The showcase was launched in 2013 in conjunction with L.A. Skins Fest, a Native American film festival now going on its 10th year. This year's fourth annual showcase, which took place Nov. 16, featured seven Native actors in sketches written by seasoned writers from UCB, iO West and the Groundlings. By and large, the sketches didn't engage with explicitly Native themes, instead offering the actors a chance to show their wide comedic range.

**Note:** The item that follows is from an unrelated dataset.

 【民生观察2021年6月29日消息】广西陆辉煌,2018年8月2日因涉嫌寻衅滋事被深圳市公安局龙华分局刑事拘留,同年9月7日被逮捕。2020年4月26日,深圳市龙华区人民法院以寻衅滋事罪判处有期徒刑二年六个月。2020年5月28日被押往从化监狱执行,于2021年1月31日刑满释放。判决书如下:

"I wouldn't mind getting sketches with Native themes, but my main goal is to show the actors performing strong, funny material," says festival and showcase founder Ian Skorodin. "One of our goals is to get just normal roles as normal people, such as a doctor, a cop, a lawyer, an accountant. A lot of TV shows have the Native American episode where they'll go to a reservation and Indian actors will get work for that time, but it won't continue. We have great actors who just happen to be Native American."
Many of the actors agree, viewing the showcase as an opportunity to prove that they can play outside of narrow, stereotypical roles. "Too often we get relegated to 'buckskin and feather' roles, or if we're not, then it still has to be some kind of contemporary stoic Indian," said Jason Grasl, one of the showcase performers.
"It's better that the sketches do not have Native American themes, because it shows that actors of any background can play any type of role," Leandra Ryan said. "We are trying to break stereotypes, not reinforce them."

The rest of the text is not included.